Key Experimental Results¶
Main Results¶
| Task / Dataset | Metric | LemonFM | Prev. SOTA (SurgeNetXL) | Gain |
|---|---|---|---|---|
| AutoLaparo Phase Recognition | Jaccard | 64.8 | 55.1 | +9.7pp |
| Cholec80 Phase Recognition | Jaccard | 85.1 | 72.0 | +13.1pp |
| Cholec80 Tool Detection | mAP | 93.7 | 86.5 | +7.2pp |
| GraSP Tool Detection | mAP | 94.4 | 83.8 | +10.6pp |
| CholecT50 Action Recognition | mAP | 61.9 | 57.5 | +4.4pp |
| CholecSeg8k Semantic Segmentation | mDice | 81.3 | 69.0 | +12.3pp |
Ablation Study¶
| Configuration | AutoLaparo (F1) | CholecSeg8k (mDice) | Notes |
|---|---|---|---|
| ImageNet Pretraining | 53.0 | 64.4 | General-purpose pretraining |
| Cholec80 (51h) | 46.9 | 64.1 | Small-scale surgical data |
| LEMON (uncurated) | 61.4 | 67.4 | Without curation pipeline |
| LEMON (curated) | 65.9 | 68.7 | Curation gain: +4.5pp |
| LEMON + Augmented Distillation | 66.9 | 71.9 | Full model |
Key Findings¶
- The data curation pipeline contributes substantially: +4.5pp F1 and +1.3pp mDice.
- ConvNeXt outperforms ViT, particularly on segmentation (+10.7pp mDice), as convolutional inductive biases better preserve fine-grained surgical details.
- LemonFM fine-tuned with only 50% of labeled data still surpasses all baselines trained with 100% of data.
- Discriminative pretraining (DINO-family) substantially outperforms generative pretraining (MAE-family).
Highlights & Insights¶
- Quality Assurance at Scale: A rigorous curation pipeline reducing 18K raw videos to 4,194 high-quality videos achieves an unprecedented balance between scale and data quality.
- Cross-Patient Augmented Distillation: Leveraging videos from different patients undergoing the same procedure to learn appearance invariance makes ingenious use of procedure-level annotations.
- Comprehensive Benchmarking: Full evaluation across 6 datasets and 4 tasks establishes a standardized benchmark for surgical vision foundation models.
Limitations & Future Work¶
- The data source consists of publicly available YouTube videos; while ethical considerations have been addressed, potential controversy remains.
- Procedure classification mAP reaches only 57.8%, with significant confusion among anatomically adjacent procedure types.
- Future work will focus on developing surgical-specific video foundation models.
Related Work & Insights¶
- vs. Endo-FM: Endo-FM is trained on private data, limiting reproducibility; LEMON is fully open-source.

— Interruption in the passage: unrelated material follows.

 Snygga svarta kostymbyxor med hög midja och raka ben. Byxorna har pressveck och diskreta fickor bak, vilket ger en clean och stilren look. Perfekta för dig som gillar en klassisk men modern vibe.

- vs. EndoViT: EndoViT aggregates multiple small public datasets, achieving far inferior scale and performance compared to LEMON.

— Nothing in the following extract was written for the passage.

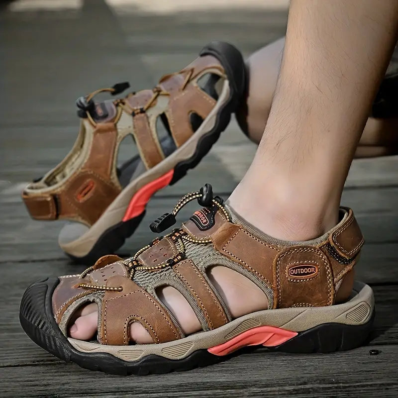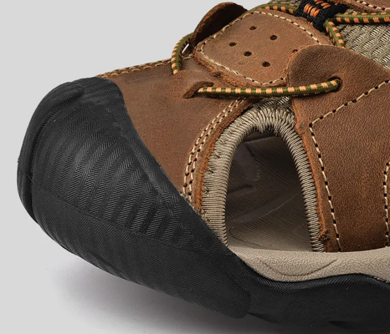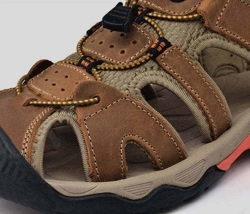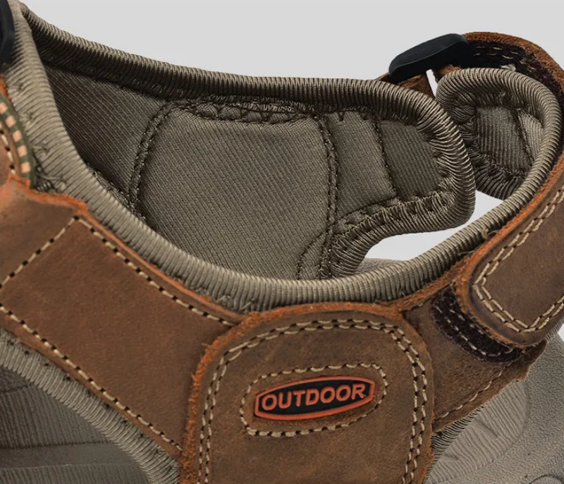 Dallader Men's Genuine Leather Sports Sandals, Orthopedic Support, Comfortable Lightweight Durable Non-Slip Hiking Sandals

- vs. SurgeNetXL: SurgeNetXL lacks data curation; LEMON's curation pipeline yields substantial performance gains.
Rating¶
- Novelty: ⭐⭐⭐⭐ — The augmented distillation design is novel and the data curation pipeline is systematic.
- Experimental Thoroughness: ⭐⭐⭐⭐⭐ — 6 datasets, 4 tasks, low-data experiments, cross-validation, and comprehensive ablations.
- Writing Quality: ⭐⭐⭐⭐⭐ — Clear structure with sufficient detail.
- Value: ⭐⭐⭐⭐⭐ — Both the dataset and model will serve as important foundational resources for the surgical vision community.